1. Name and one other identifier at triage
2. Patients who are not triaged to the back my have routine registration that does not discourage the patient from completing care (Comment: If you have a conditions of admission form with guarantors, personal liability statement, and assignment of benefits, you are at risk for financial discussions and resulting patient departures.

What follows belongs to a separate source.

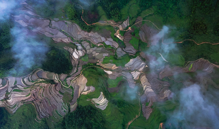 獲獎作品:《俯瞰煙雨大洋梯田》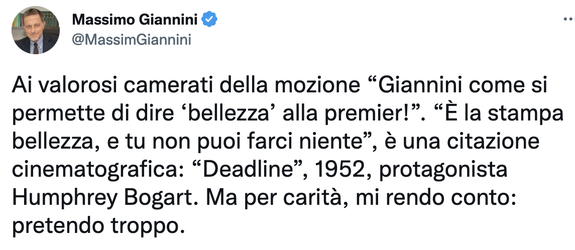 Era tutto molto semplice. Chi fa questo mestiere sa benissimo che la frase E’ la stampa, bellezza è stata usata migliaia di volte per i più svariati argomenti. Moltissimo nei titoli di giornale: E’ il calcio, bellezza oppure E’ l’economia, bellezza o volendo E‘ il potere delle banche, bellezza. La Treccani dice: “E’ una delle battute più note nella storia del cinema”. E’ la stampa, bellezza è pure il titolo di un libro di Giorgio Bocca per Feltrinelli.

CMS has indicated that any system that induces departures will be at risk for citation for violating EMTALA.)
3. You MAY ask for insurance information and copy the card
4. You are strongly DISCOURAGED from any financial discussions at this point
5. If the patient asks about financial issues, you are to say that finances can be dealt with following care
6. If the patient continues to insist, the best practices indicate that a financial person experienced in EMTALA should hold that conversation (Comment: I strongly recommend that physicians and nurses NOT DISCUSS any financial issues with the patient at any time)
7. You may contact a physician for medical purposes at any time, but not for gatekeeper permission to treat (Comment: private physicians should be contacted only where there is a documented medical need, and no request by the PCP to send the patient to the office should be granted.)
8. You may contact the insurance company after care is initiated (although most now do not require that), but if permission to treat or admit is DENIED, you still must provide the care. (So why call?)
9. It is not required, but is considered a prudent approach, to separate the financial face sheet from the treatment record, so the treating physician is not aware of denials or types of insurance.
10. Once the patient has had an MSE and is stabilized and/or admitted or the patient is determined not to have any emergency medical condition under the law, completion of registration and financial discussions may occur without EMTALA restrictions.